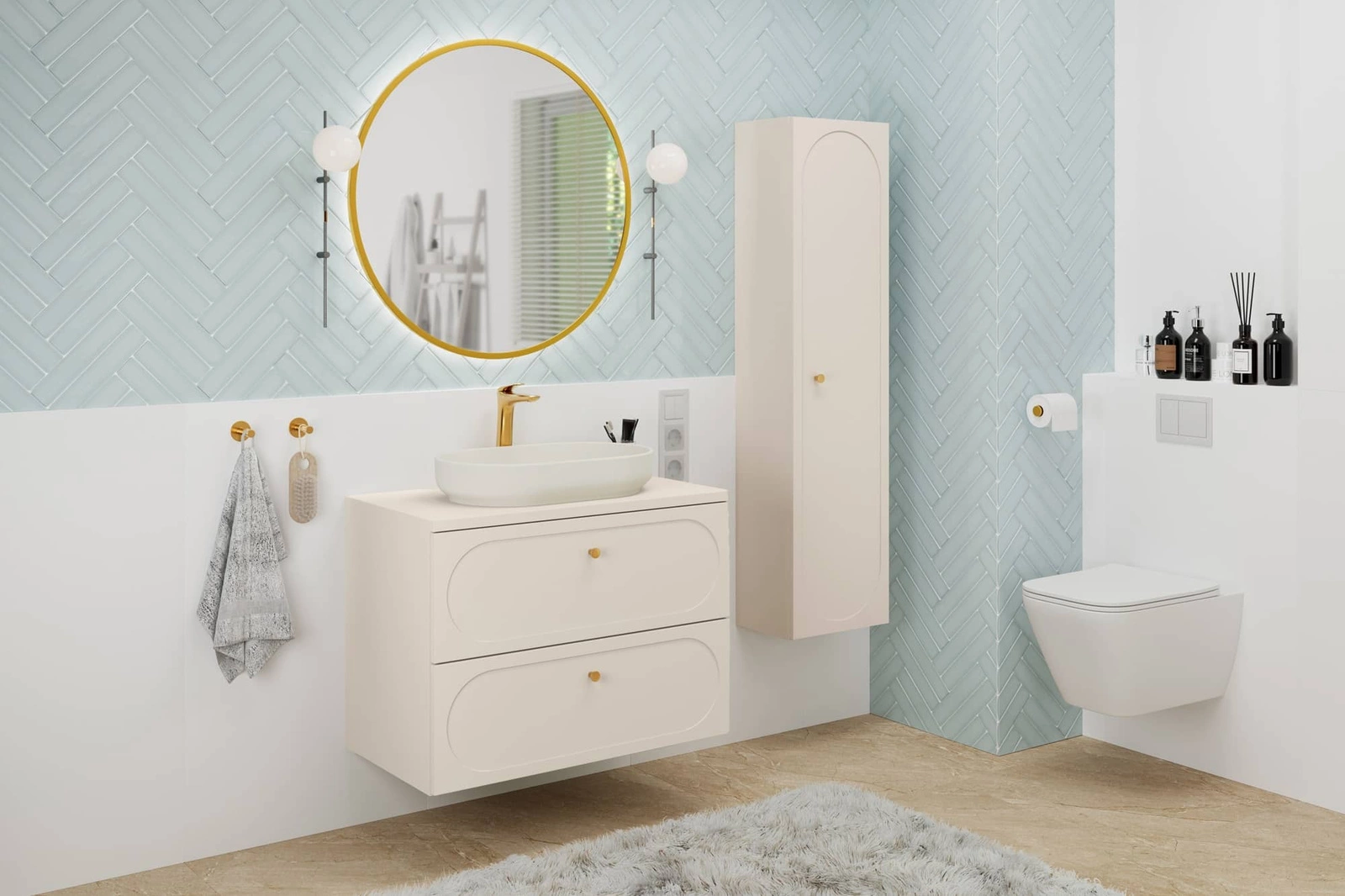 Der Waschtischunterschrank Donna Sand passt perfekt in moderne und klassische Badeinrichtungen.
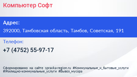 Компьютер-Софт по адресу 392000, Тамбовская область, Тамбов, Советская, 191 в дальнейшем Организация, размещена в следующих категориях:
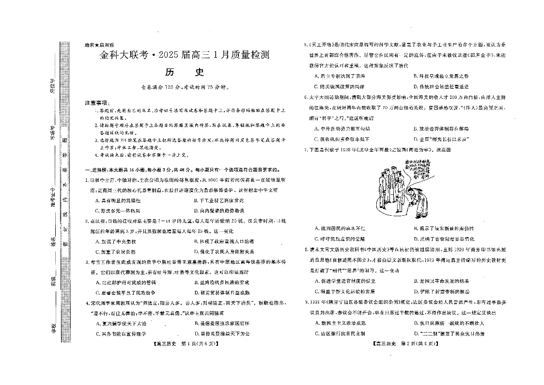 山西省金科大联考2025届高三1月质量检测 历史.pdf
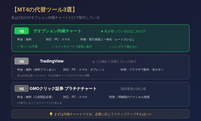 ここからは、MT4の代わりに使えるツールを紹介する。
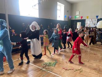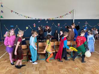 Fastnacht, Fasching, Karneval, wir wollen uns verkleiden – unter diesem Motto dekorierten die Schülerinnen und Schüler der Evangelischen Schraden- Grundschule in Großthiemig am Faschingsdienstag ihre Turnhalle, um nach dem Mittagessen eine kunterbunte Faschingsparty zu feiern. Der hauseigene DJ sorgte mit stimmungsvoller Musik dafür, dass Katzen, Hexen, Prinzessinnen und Fußball Stars ihren Spaß hatten. Traditionelle Tänze und Spiele wie die Polonaise, Laurenzia und der Stuhltanz durften da natürlich nicht fehlen. Versüßt wurde den Kindern die Feier mit Süßigkeiten vom Zampern und leckeren Pfannkuchen vom Fraundorfer Bäcker.
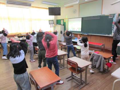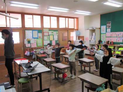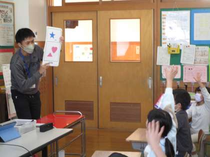 普段3〜6年生に外国語を指導している英語専科の先生が、今日は1年生教室で、楽しい外国語の授業をしてくださいました。赤や白や緑やピンク等の色を英語でなんと発音するか学んだり、リズムにのってダンスを踊りながら、英語の歌を歌ったりして楽しみました。みんな大喜びで身体表現していました。
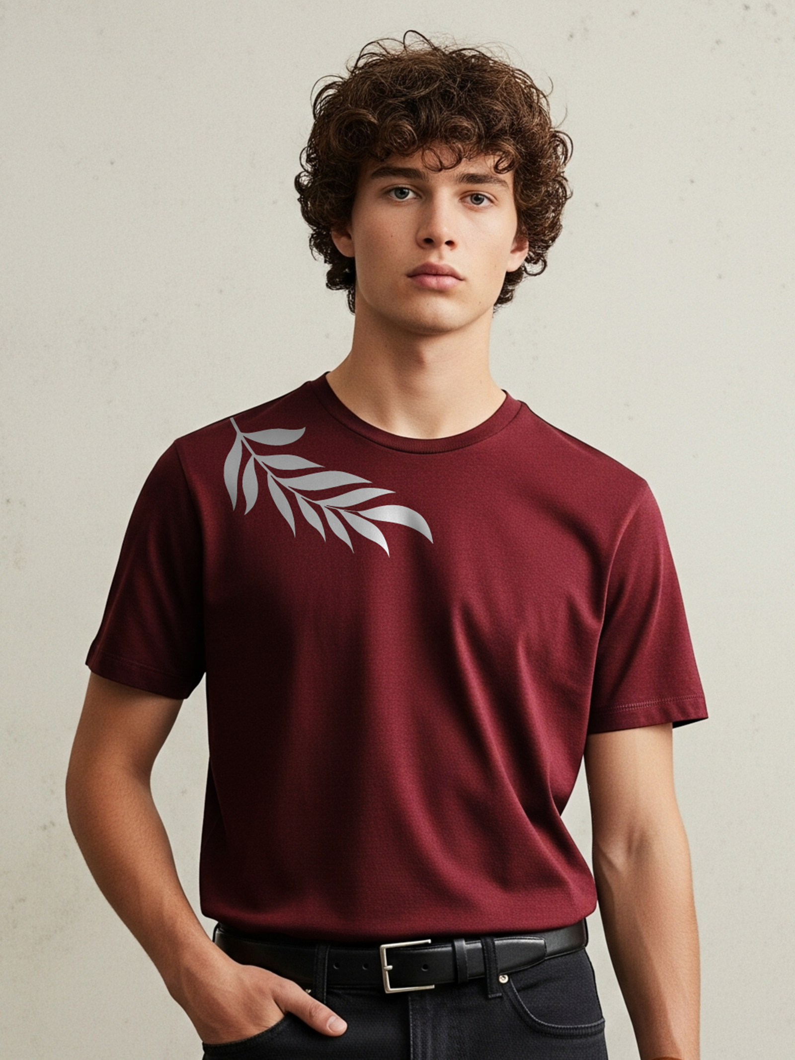 Round Neck Pure Cotton Maroon Regular Fit Graphic Print T-Shirt. Stylish And Comfort. RivenRioOriginal
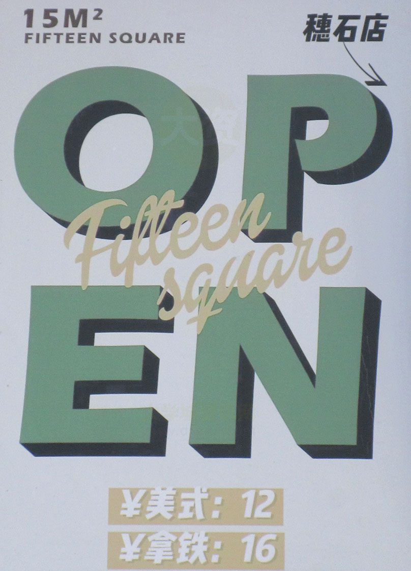 穗石大道东西向段&北段&中段 南列偏西 看到新开一家叫Fifteen Square 15㎡ 的咖啡店 美式12元 拿铁15元 | ||||||
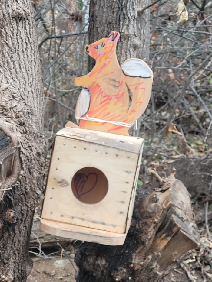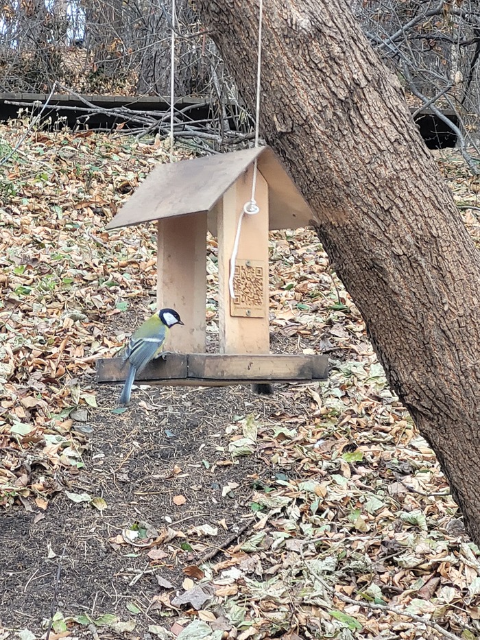 Вдоль этой аллеи развешаны и установлены множество кормушек для птиц и белок.

= Exercise requirements =
Please return all of the material above exactly, minus any pictures.

= Task answer =
 Der Waschtischunterschrank Donna Sand passt perfekt in moderne und klassische Badeinrichtungen.
 Компьютер-Софт по адресу 392000, Тамбовская область, Тамбов, Советская, 191 в дальнейшем Организация, размещена в следующих категориях:
 山西省金科大联考2025届高三1月质量检测 历史.pdf
 ここからは、MT4の代わりに使えるツールを紹介する。
 Fastnacht, Fasching, Karneval, wir wollen uns verkleiden – unter diesem Motto dekorierten die Schülerinnen und Schüler der Evangelischen Schraden- Grundschule in Großthiemig am Faschingsdienstag ihre Turnhalle, um nach dem Mittagessen eine kunterbunte Faschingsparty zu feiern. Der hauseigene DJ sorgte mit stimmungsvoller Musik dafür, dass Katzen, Hexen, Prinzessinnen und Fußball Stars ihren Spaß hatten. Traditionelle Tänze und Spiele wie die Polonaise, Laurenzia und der Stuhltanz durften da natürlich nicht fehlen. Versüßt wurde den Kindern die Feier mit Süßigkeiten vom Zampern und leckeren Pfannkuchen vom Fraundorfer Bäcker.
 普段3〜6年生に外国語を指導している英語専科の先生が、今日は1年生教室で、楽しい外国語の授業をしてくださいました。赤や白や緑やピンク等の色を英語でなんと発音するか学んだり、リズムにのってダンスを踊りながら、英語の歌を歌ったりして楽しみました。みんな大喜びで身体表現していました。
 Round Neck Pure Cotton Maroon Regular Fit Graphic Print T-Shirt. Stylish And Comfort. RivenRioOriginal
 穗石大道东西向段&北段&中段 南列偏西 看到新开一家叫Fifteen Square 15㎡ 的咖啡店 美式12元 拿铁15元 | ||||||
 Вдоль этой аллеи развешаны и установлены множество кормушек для птиц и белок.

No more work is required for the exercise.